While this was not an “EA Project” the author expects it wouldn’t have happened if EA hadn’t drawn their attention to expected value math, and is grateful for this.

Race to the Top: Benchmarks for AI Safety

by isaduan

AI Safety benchmarks make it easier to track the field’s progress, create incentives for researchers (particularly in China) to work on problems relevant to AI safety, and develop auditing and regulations around advanced AI systems.

The author argues this should be given higher priority than it is, and that we can’t assume good benchmarks will be developed by default. They suggest AI safety researchers help by identifying traits for benchmarks, valuable future benchmarks and their prerequisites, or creating benchmarks directly. AI governance professionals can help by organizing workshops /​ competitions /​ prizes around benchmarking, researching how benchmarks could be used, and advising safety researchers on this. It could also be useful to popularize a “race to the top” narrative on AI Safety.

Thoughts on AGI organizations and capabilities work

by RobBensinger, So8res

Rob paraphrases Nate’s thoughts on capabilities work and the landscape of AGI organisations. Nate thinks:

  1. Capabilities work is a bad idea, because it isn’t needed for alignment to progress and it could speed up timelines. We already have many ML systems to study, which our understanding lags behind. Publishing that work is even worse.

  2. He appreciates OpenAI’s charter, openness to talk to EAs /​ rationalists, clearer alignment effort than FAIR or Google Brain, and transparency about their plans. He considers DeepMind and Anthropic on par and slightly ahead respectively on taking alignment seriously.

  3. OpenAI, Anthropic, and DeepMind are unusually safety-conscious AI capabilities orgs (e.g., much better than FAIR or Google Brain). But reality doesn’t grade on a curve, there’s still a lot to improve, and they should still call a halt to mainstream SotA-advancing potentially-AGI-relevant ML work, since the timeline-shortening harms currently outweigh the benefits.
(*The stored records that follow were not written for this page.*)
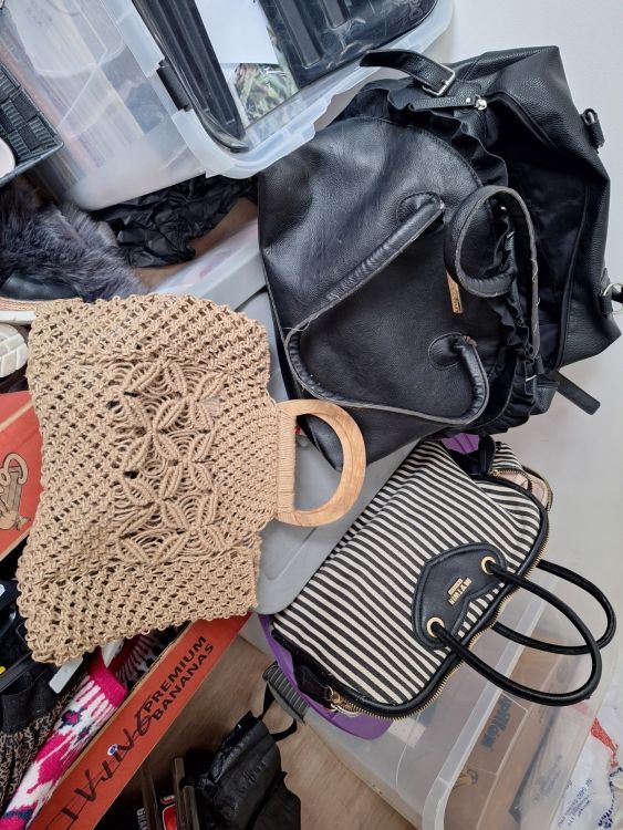 Partij schoenen, handtassen en kleding (±20 stuks)
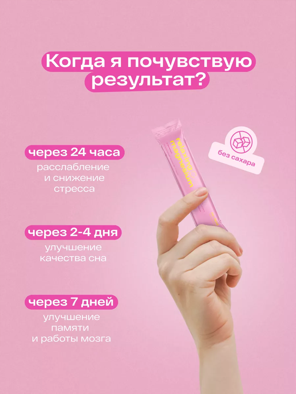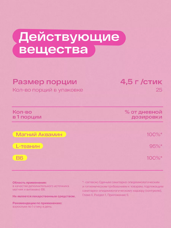В одном стике содержится 100% от дневной нормы магния и витамина B6, а также 96% от дневной нормы L-теанина.
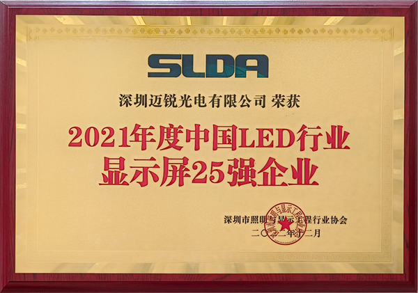 近日,福日電子成員企業(yè)邁銳光電榮獲“2021年度中國LED行業(yè)顯示屏25強企業(yè)”及“《Mini LED室內(nèi)商用顯示屏》優(yōu)秀參編團體”兩項行業(yè)榮譽。
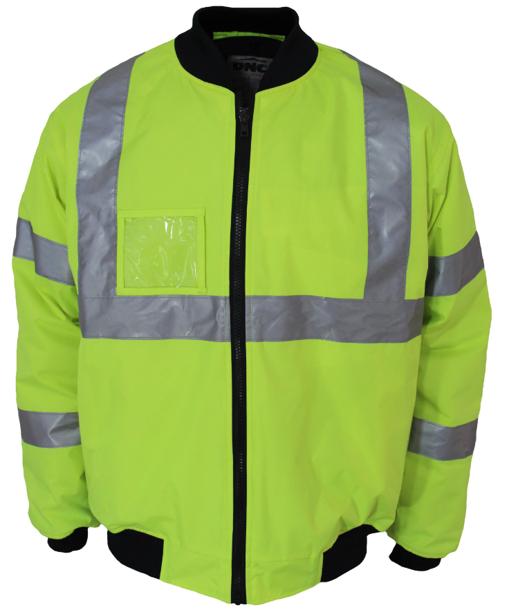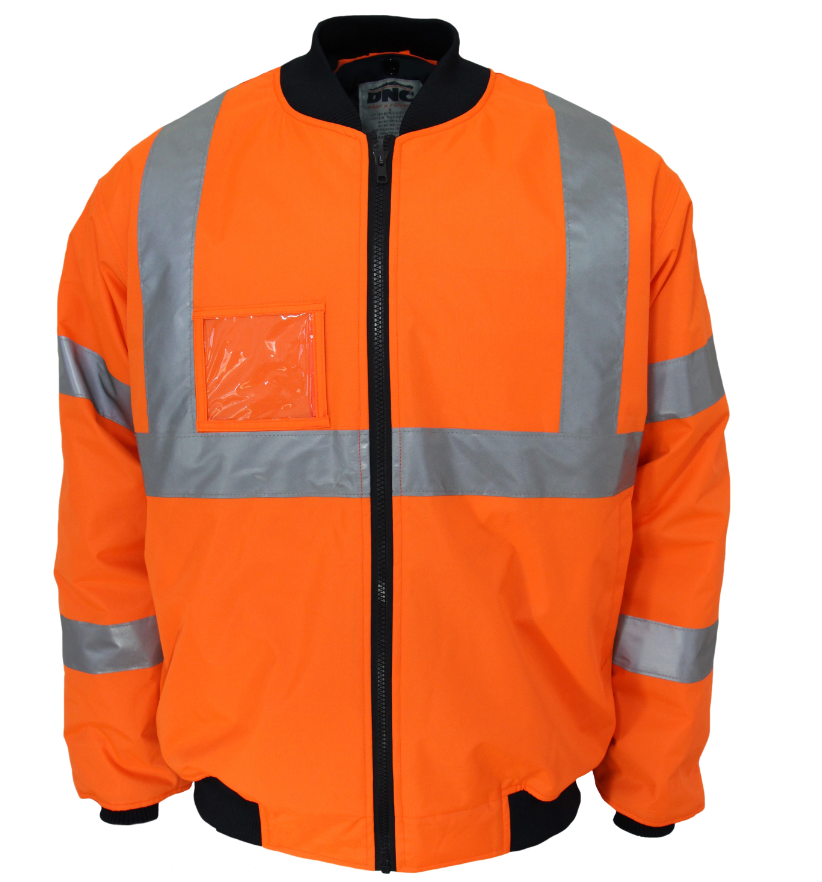 Fabric: 200D polyester/PVC. Seam-sealed, waterproof outer shell, quilt -lined, concealed hood. Clear ID & phone pockets. "H" Pattern front, "X" back & back tail, Biomotion CSR reflective tape on arms. N.S.W rail compliant.
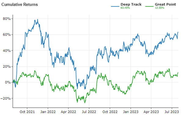 OWL’s people data can also be used to track spinouts and new launches. One example in biotech is David Kroin, who launched Deep Track Capital in 2020 after serving as Managing Director at Great Point Partners. Deep Track’s disclosed positions since launch have significantly outperformed Great Point’s, which you can see below. Custom charts like this can be easily created using OWL’s reports builder found on each manager page.
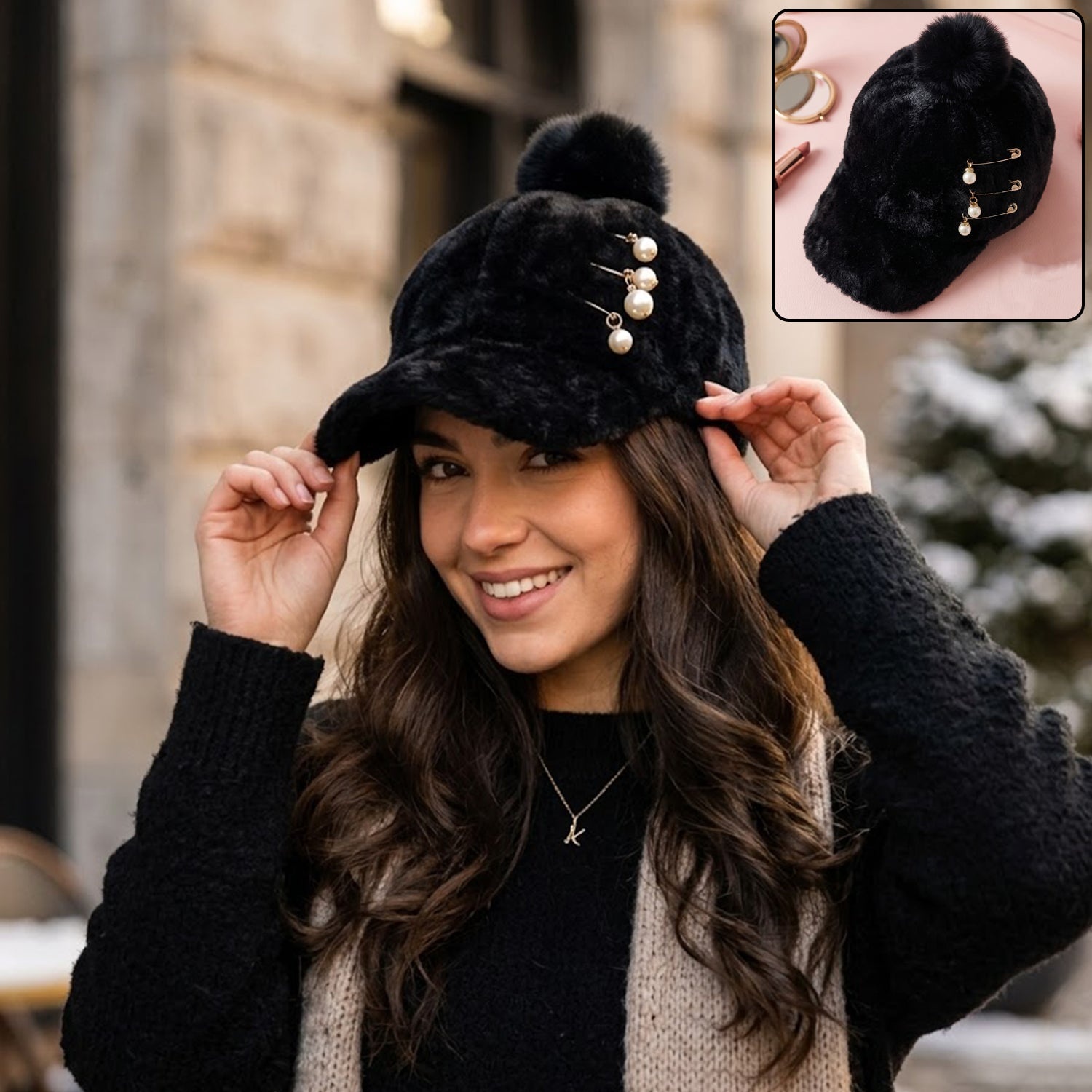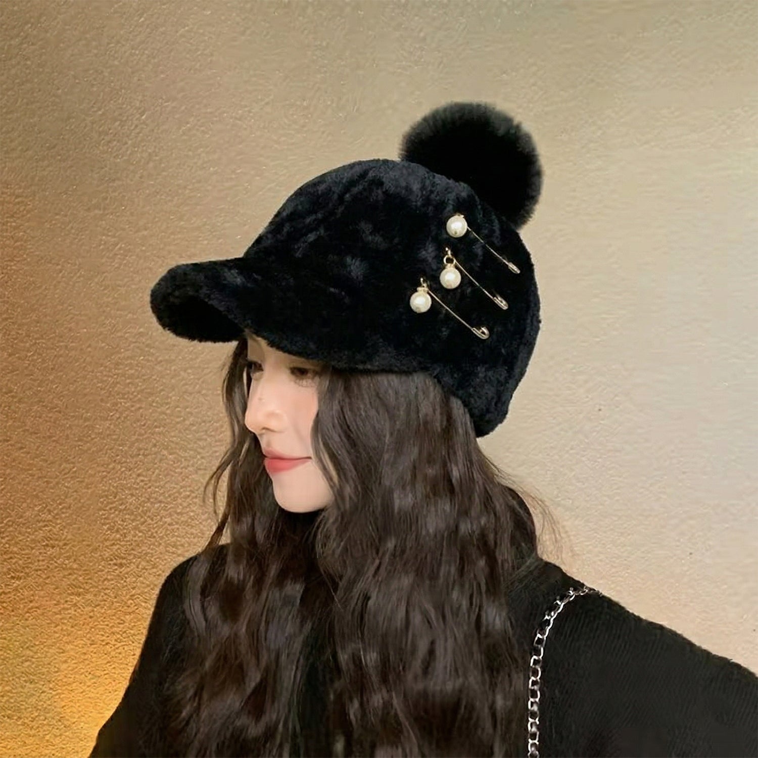 Elegant Winter Fur Cap for Women 1 Pc – Soft Plush Warm Cap with Pom Pom and Pearl Chain Decorative Design Stylish Cold Weather Fashion Headwear for Daily Wear & Outdoor Use
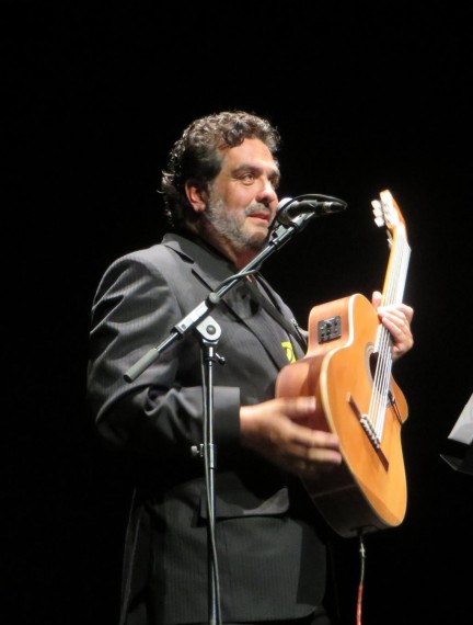 Concierto 3, grupo salmantino que lidera el poeta y cantautor Ángel Luis Delgado, suma su exquisita forma de interpretar la obra de poetas destacados (Neruda, Lorca, Juan de la Cruz, Baquero, Fray Luis de León…). El grupo salmantino actuó en el Teatro Liceo los días 7 y 8 de octubre, musicando versos de León Felipe y de Juan Ruiz Peña, a cuyas figuras estuvo dedicado el XVIII Encuentro de Poetas Iberoamericanos, bajo el epígrafe “He muerto… y he resucitado”. En el caso de Ruiz Peña se celebró el primer centenario de su nacimiento. En sus actuaciones interpretaron, el día 7, ‘Como aquella nube blanca’ y ‘Sé todos los cuentos’, de León Felipe. El segundo día cantaron ‘El alma está en la materia’, de Juan Ruiz Peña; ‘Romance de la Luna’, de Lorca, y ‘En el principio’, de Blas de Otero.
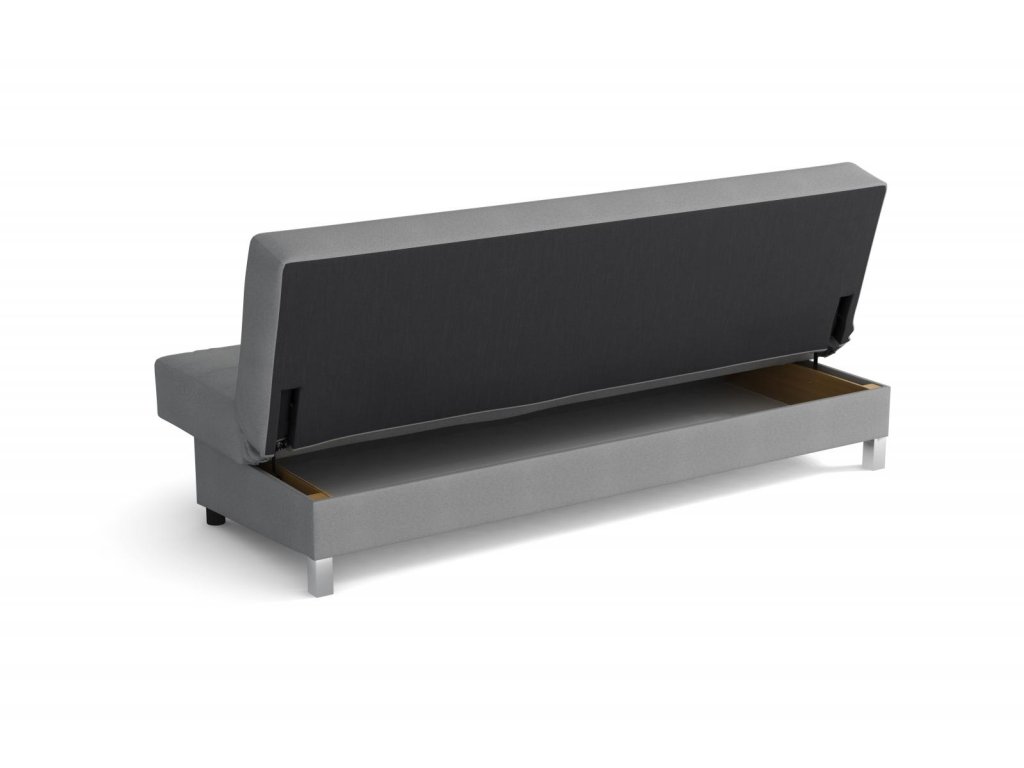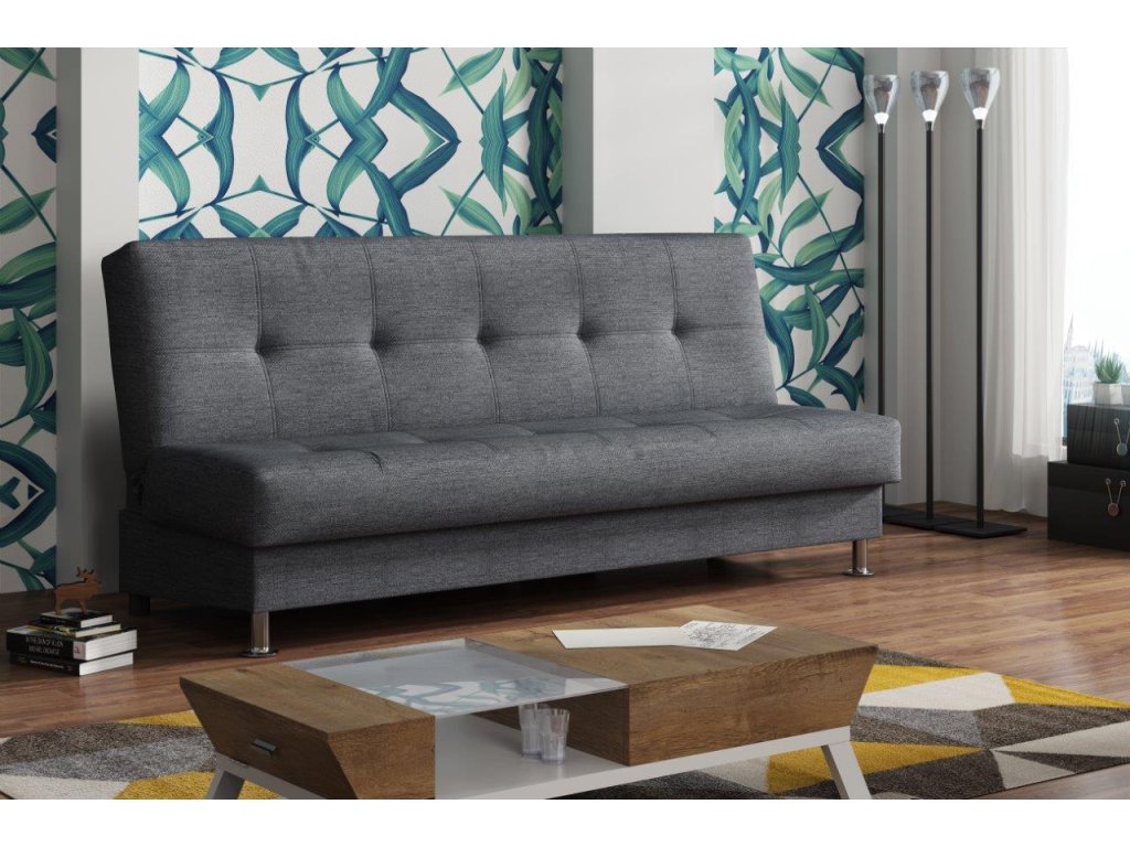 Rozkládací pohovka s praktickým úložným prostorem je vhodná i do malých pokojů. Pohovka je vyrobena v jednoduchém designu. Velmi zajímavým prvkem je prošití pohovky s vtahy na sedáku i opěráku pohovky, díky kterému se látka nemá tendenci zvlňovat. Výplň sedáku tvoří kombinace pružin bonell s kvalitní PUR pěnou. Pohovka je vyrobena z kvalitní látky sametového typu Enjoy (tzv. s vlasem). Jednoduchým rozložením pomocí systému klik-klak vznikne lůžko k občasnému přespání. Z důvodu tohoto rozkladu je pohovka vzadu očalouněna pouze do krycí čalounické látky. Pohovku nabízíme v různých barvách. Dodána bude jako na úvodním obrázku (barva látky lépe odpovídá menší fotce látky). Obrázky rozkladů jsou pouze ilustrační. Zboží je dodáváno vcelku v pozici se sklopenými zády pro lepší manipulaci dveřmi (je potřeba pouze namontovat nožky).
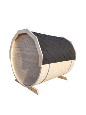 Sauna 2 m bez przedsionka to unikalny produkt, który został wykonany w sposób tradycyjny, czyli ręcznie przy użyciu naturalnego drewna świerkowego. Konstrukcja sauny jest bardzo stabilna za sprawą dwóch mocnych podstaw – całość trzymają obejmy spinające. Deski użyte do budowy mają grubość 45 mm, zaś drewniane drzwi wejściowe posiadają szybę ze szkła hartowanego. Wewnątrz sauny znajduje się specjalna podłoga oraz ławeczki – wszystko z drewna. Pokrycie dachowe to gont bitumiczny w kolorze szarym, dzięki czemu doskonale zabezpieczy konstrukcję przed deszczem i śniegiem. Wymiary sauny są kompaktowe, tj. 2 m dł. i 2 m wys., co pozwala ustawić w dowolnym miejscu ogrodu czy działki na twardym, wypoziomowanym podłożu. Możesz zamówić impregnację lakierem w 1 z 10 kolorów, a do tego dokupić piec elektryczny lub na drewno, a nawet przeszklenie tylnej ściany. Dostawa sauny odbywa się w całości do domu/firmy.
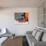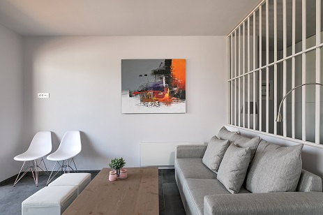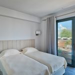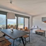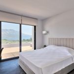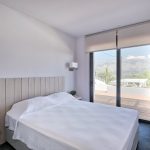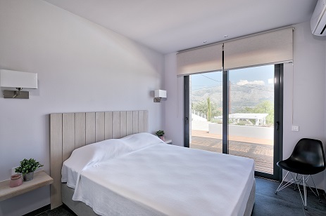 To the left of the entrance floor is a second bedroom with a double bed, and there are large sliding windows that face the sea terrace and the mountain view.

You should consider launching an AI startup

by Joshc

AI startups can be big money-makers, particularly as capabilities scale. The author argues that money is key to AI safety, because money:

  • Can convert into talent (eg. via funding AI safety industry labs, offering compute to safety researchers, and funding competitions, grants, and fellowships). Doubly so if the bottleneck becomes engineering talent and datasets instead of creative researchers.

  • Can convert into influence (eg. lobbying, buying board seats, soft power).

  • Is flexible and always useful.

The author thinks another $10B AI company would be unlikely to counterfactually accelerate timelines by more than a few weeks, and that money /​ reduced time to AGI tradeoff seems worth it. They also argue that the transformative potential of AI is becoming well-known, and now is the time to act to benefit from our foresight on it. They’re looking for a full-stack developer as a cofounder.

Smallpox eradication

by Lizka

Smallpox was confirmed as eradicated on December 9th, 1979. Our World in Data has a great explorer on its history and how eradication was achieved.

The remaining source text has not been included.